Haha….First,me and my roommates went to eat sushi at SuShi King at last Wednesday because have the special promotion.The most scary things was we have eat 47 dishes sushi for few hours.I’m really can’t believe that five of us can finished the huge amount for the sushi.It’s really terrible and make us very full on that moment.Especially two of my friends really fall in love end crazy with the sushi.Haha….I think I’m really loss control already because eat too much on that time.I’m really can’t believe myself also.

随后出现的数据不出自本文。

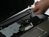 After removing the screws look to the right side of the laptop. Remove the white wire in the channel found there. To do this you only need to move the wire around the plastic pieces holding it down.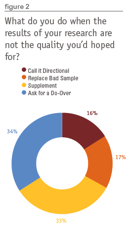 - Supplement. When out of time and additional budget, respondents say they will use secondary or past research to augment the bad research. Some may add qualitative research to help the situation or just vow to not use the same methodology again.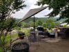 * Two rectangular dining tables with umbrellas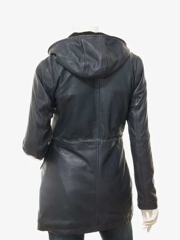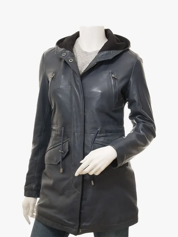 Echo Women’s Blue Leather Parka Hooded Jacket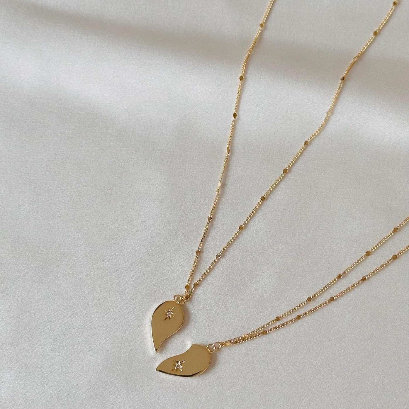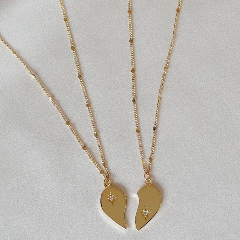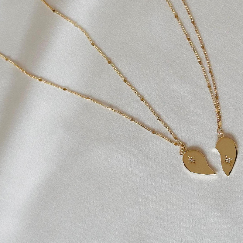 Acier inoxydable 304 Collier puzzle, coeur, Placage de couleur d'or, unisexe & avec strass, Longueur Environ 16-20 pouce, Vendu par PC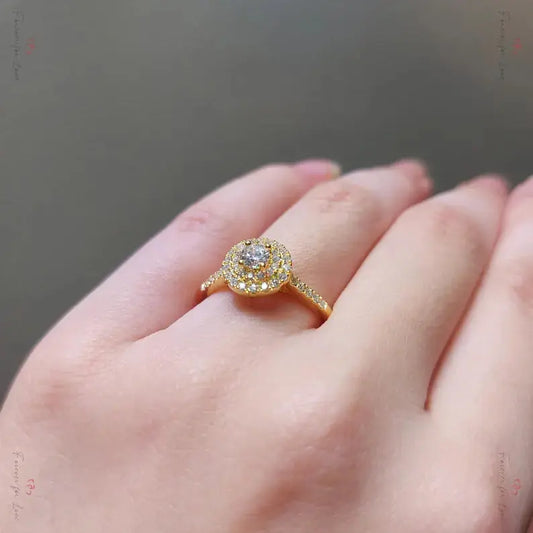 Bague en diamant rond naturel à double halo pavé de 0,5 carat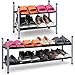 【Long Shoe Rack for 18 Pairs of Shoes】 Size of metal shoe rack: 42.7"Wx11.4"D x18.7"H. Longer 2-tier shoe organizer for closet can store 18 pairs of shoes for men, women and kids, each tier wide enough storage for 6 pairs of men's sneakers, tennis shoes etc, extra bottom storage for flats, slippers and flip flops enough;
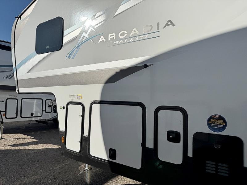 With any Arcadia Select fifth wheel by Keystone you will enjoy easy towability and at-home comforts at an affordable price! The laminated sidewalls with five sided aluminum superstructure will provide a strong foundation so you can enjoy your RV for years to come, plus a one-piece, heated and enclosed polypropylene underbelly means you can camp year around! And an upgraded Roto-Flex hitch pin with will make it easy to tow. Head inside to find tall slides for added space, seamless, pressed countertops, convenient underbed storage, and a large shower with a retractable door and skylight. These fifth wheels also include a Blade Pure A/C system, Girard on-demand tankless water heater, two 30 lb. LP tanks, and more utilities to make your camping experience run smoothly.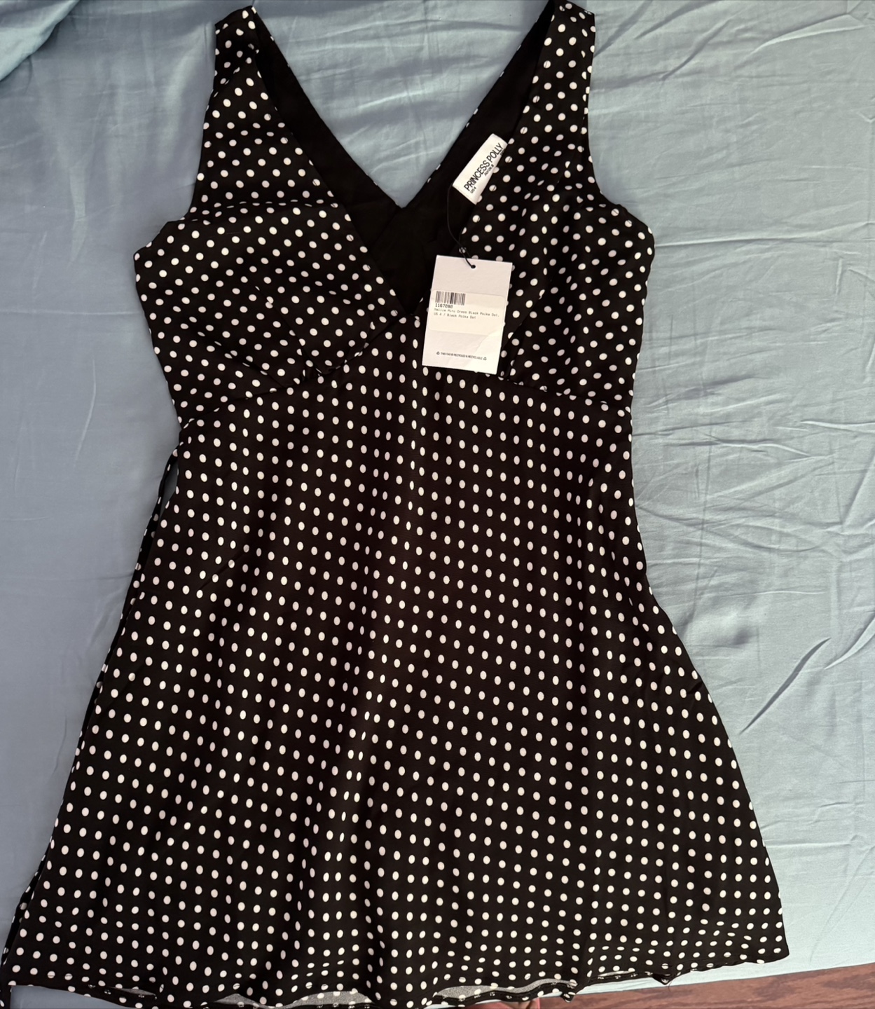 Selling a brand new cute Princess Polly Nellie mini dress in a black polka dot pattern. It's a size US 4. This dress is new with tags!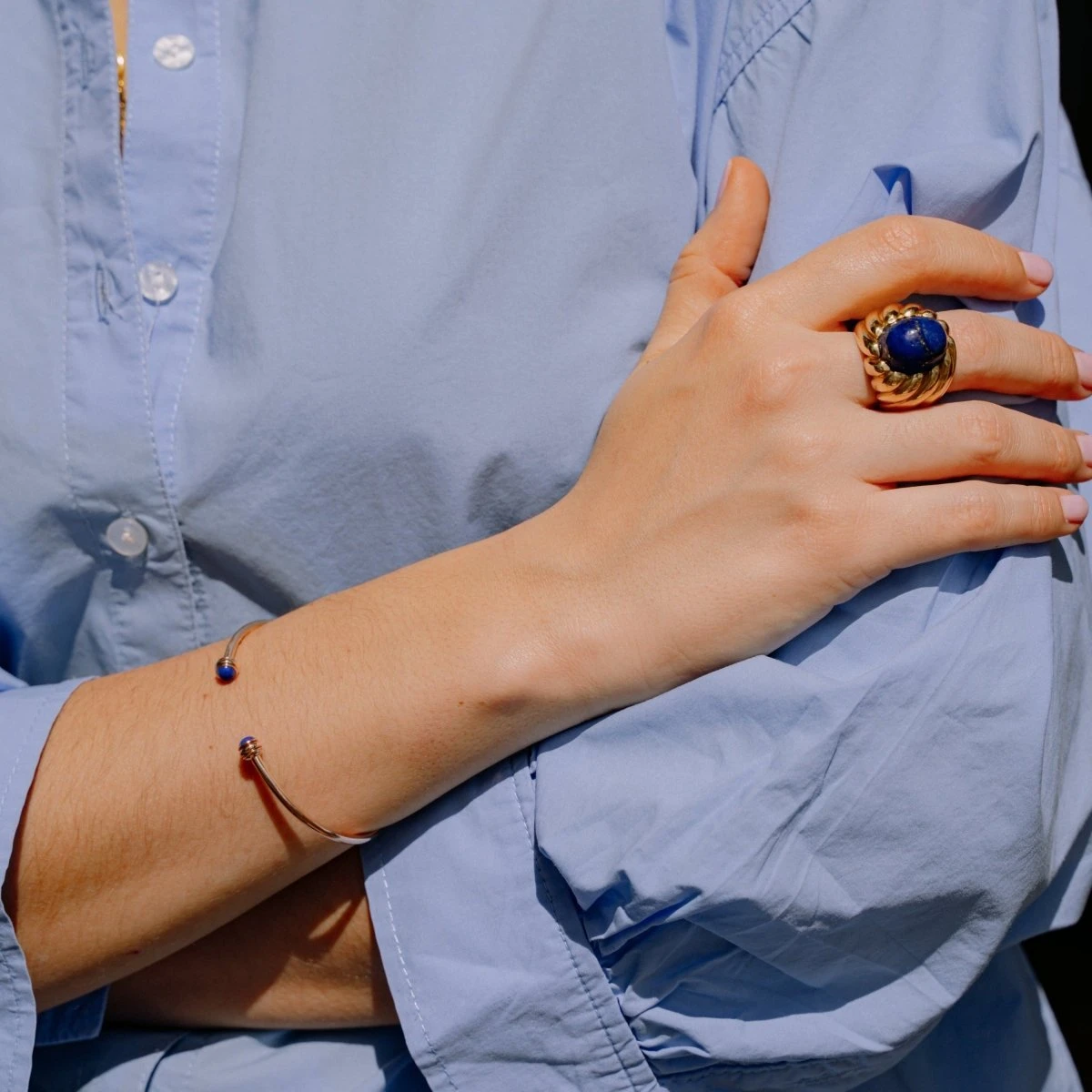 Bracelet Jonc PIAGET « Possession » en or rose 18 carats, orné de deux cabochons de lapis lazuli.

But anyway must control also because really scare have some increment on my weight.
Beside that,we also went to Mc Donald to have our dinner while just finished the maths test at last night.We went to Autocity again and stay at there until midnight around two something like that..But we are feel relax and enjoy on that time because just finished the test.